If we look at the [Chat completions](https://platform.openai.com/docs/guides/chat) documentation for OpenAI's chat models - we'll see that there are a few specific fields we'll need to concern ourselves with:

`role`
- This refers to one of three "roles" that interact with the model in specific ways.
- The `system` role is an optional role that can be used to guide the model toward a specific task. Examples of `system` messages might be:
  - You are an expert in Python, please answer questions as though we were in a peer coding session.
  - You are the world's leading expert in stamps.

  These messages help us "prime" the model to be more aligned with our desired task!

- The `user` role represents, well, the user!
- The `assistant` role lets us act in the place of the model's outputs. We can (and will) leverage this for some few-shot prompt engineering!

Each of these roles has a class in LangChain to make it nice and easy for us to use!

Let's look at an example.

In [7]:
from langchain.schema import (
    AIMessage,
    HumanMessage,
    SystemMessage
)

# The SystemMessage is associated with the system role, setting the scene for an Astronomy context
system_message = SystemMessage(content="You are an astronomer at a space observatory.")

# The HumanMessage is associated with the user role, asking a question related to Astronomy
user_message = HumanMessage(content="Can you explain the significance of the Hubble Deep Field?")

# The AIMessage is associated with the assistant role, providing an informative response
assistant_message = AIMessage(content="Absolutely! The Hubble Deep Field is a groundbreaking image by the Hubble Space Telescope. It covers a small region in the constellation Ursa Major, depicting some of the youngest and most distant galaxies ever observed. This image has provided invaluable insights into the early universe, helping astronomers to understand galaxy formation and evolution.")


Now that we have those messages set-up, let's send them to `gpt-3.5-turbo` with a new user message and see how it does!

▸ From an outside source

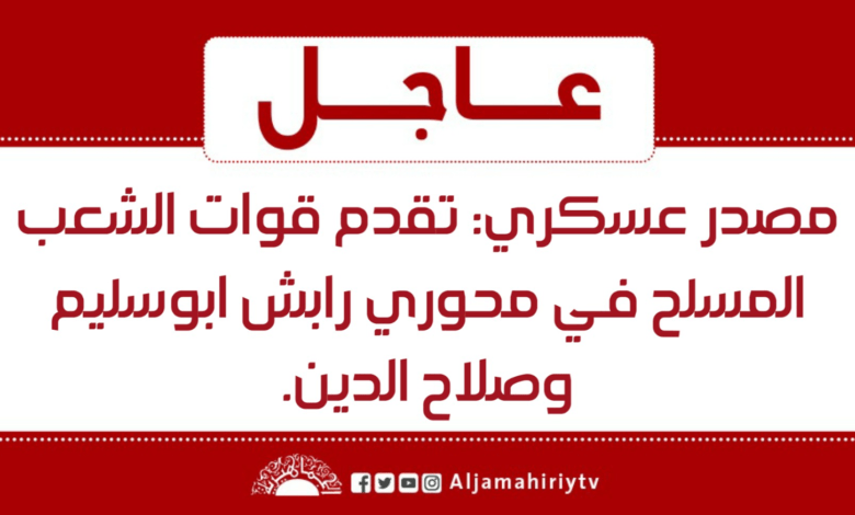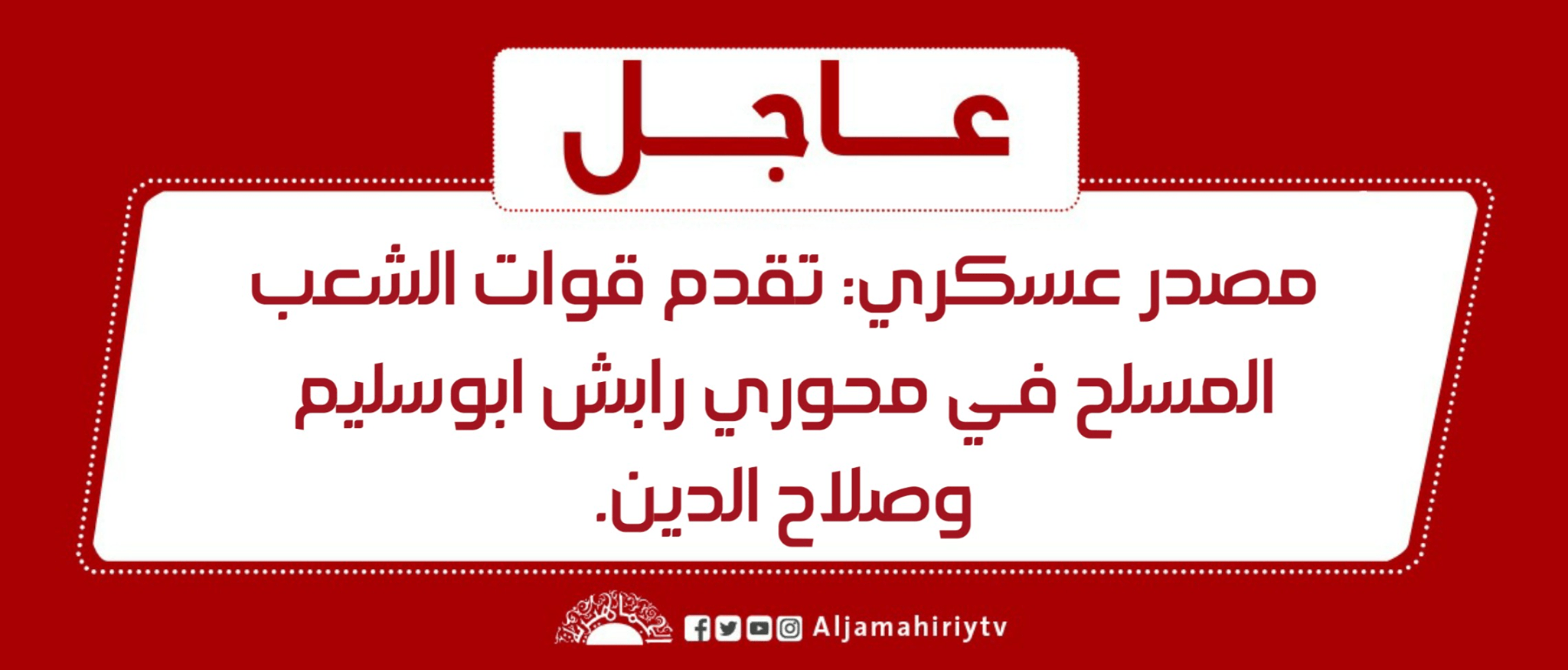 عاجل // مصدر عسكري: تقدم قوات الشعب المسلح في محوري رابش ابوسليم وصلاح الدين #قناة_الجماهيرية_العظمى_قناة_كل_الجماهير

It's easy enough to do this - the ChatOpenAI model accepts a list of inputs!

In [11]:
second_user_message = HumanMessage(content="What about the LSST ?")

# create the list of prompts
list_of_prompts = [
    system_message,
    user_message,
    assistant_message,
    second_user_message
]

# we can just call our chat_model on the list of prompts!
chat_model.invoke(list_of_prompts)

AIMessage(content='The Large Synoptic Survey Telescope (LSST) is an upcoming ground-based telescope that will conduct a wide, fast, and deep survey of the entire southern sky. It will observe the night sky repeatedly over a ten-year period, creating a detailed map of the universe. The LSST is expected to revolutionize many areas of astronomy, including the study of dark matter and dark energy, the detection of asteroids, and the exploration of transient events such as supernovae. Its data will be made publicly available, allowing astronomers worldwide to access and study this wealth of information.', response_metadata={'finish_reason': 'stop', 'logprobs': None})

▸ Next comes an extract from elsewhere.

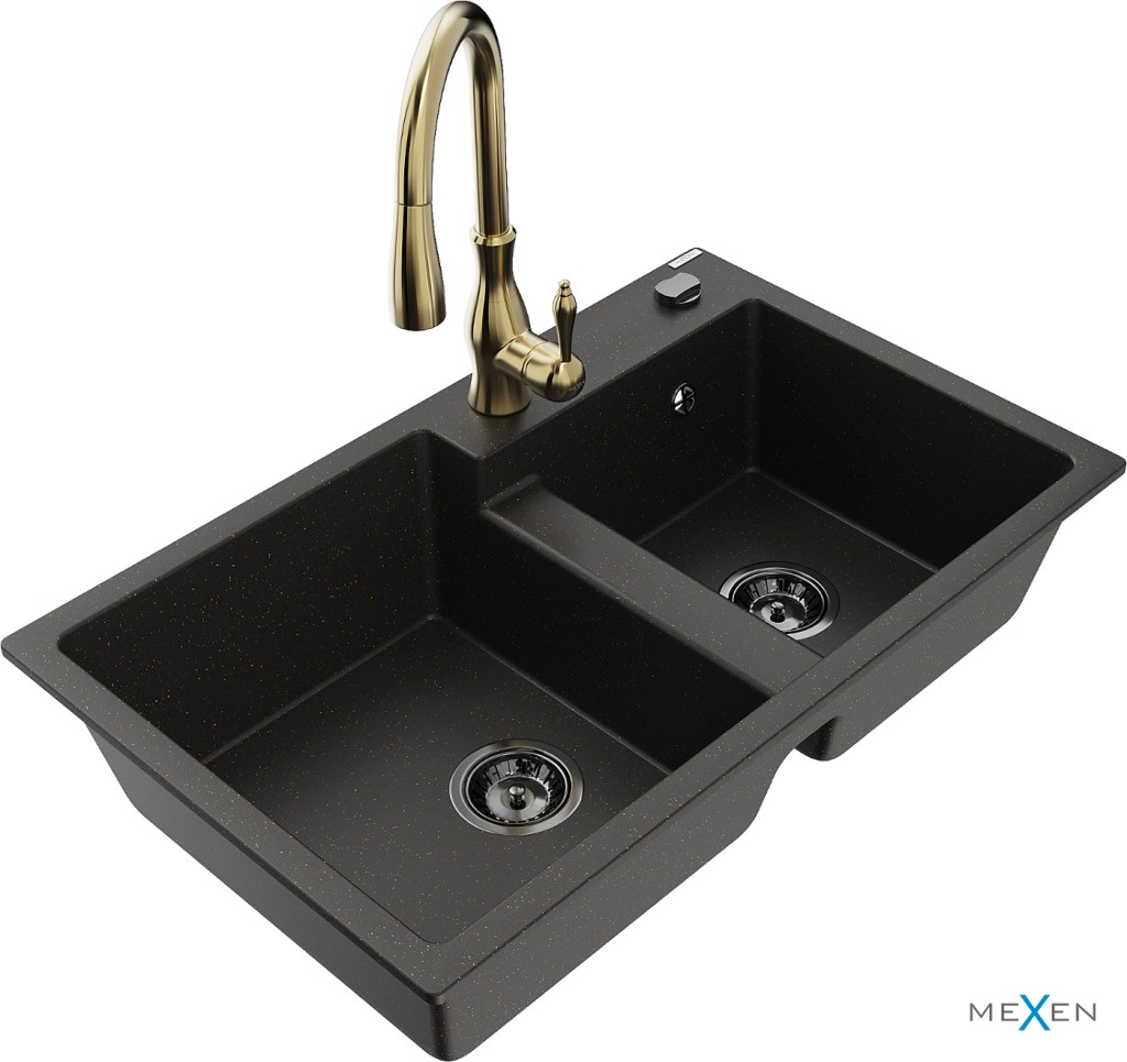 Technické dáta: drez: Rozmer: 800 x 500 x 190 mm Hĺbka komory: 180 mm (väčšia), 180 mm (menšia) Rozmery komory: 440x387 mm (väčšie), 370x303 mm (menšie) Priemer odtoku: ø90 mm Typ: 2-komorový Typ: Zapustené do pracovnej dosky Farba: čierna / zlatá metalíza Povrchová úprava sifónu: čierna Materiál: žula (80% žulové kamenivo, 20% živice) Prepadový otvor: Áno Otvory: (batérie, automatické) 2 Vysoká odolnosť proti poškriabaniu a zmene farby Odolnosť proti tepelným šokom Ľahko čistiteľný povrch Jeden dodatočný vyfrézovaný otvor na samodierovanie ø35 kuchynská batéria: Materiál: mosadz Farba: Zlatá Hlava: Keramická Prevzdušňovač: Áno Typ: Jedna páka Výška batérie: 410 mm Rozsah výtoku: 231 mm(GT) Ean: 5905315036599

Great! That's inline with what we expected to see!

### PromptTemplates

Next stop, we'll discuss a few templates. This allows us to easily interact with our model by not having to redo work we've already completed!

In [12]:
from langchain.prompts.chat import (
    ChatPromptTemplate,
    SystemMessagePromptTemplate,
    HumanMessagePromptTemplate
)

# we can signify variables we want access to by wrapping them in {}
system_prompt_template = "You are an expert in {SUBJECT}, and you're currently feeling {MOOD}"
system_prompt_template = SystemMessagePromptTemplate.from_template(system_prompt_template)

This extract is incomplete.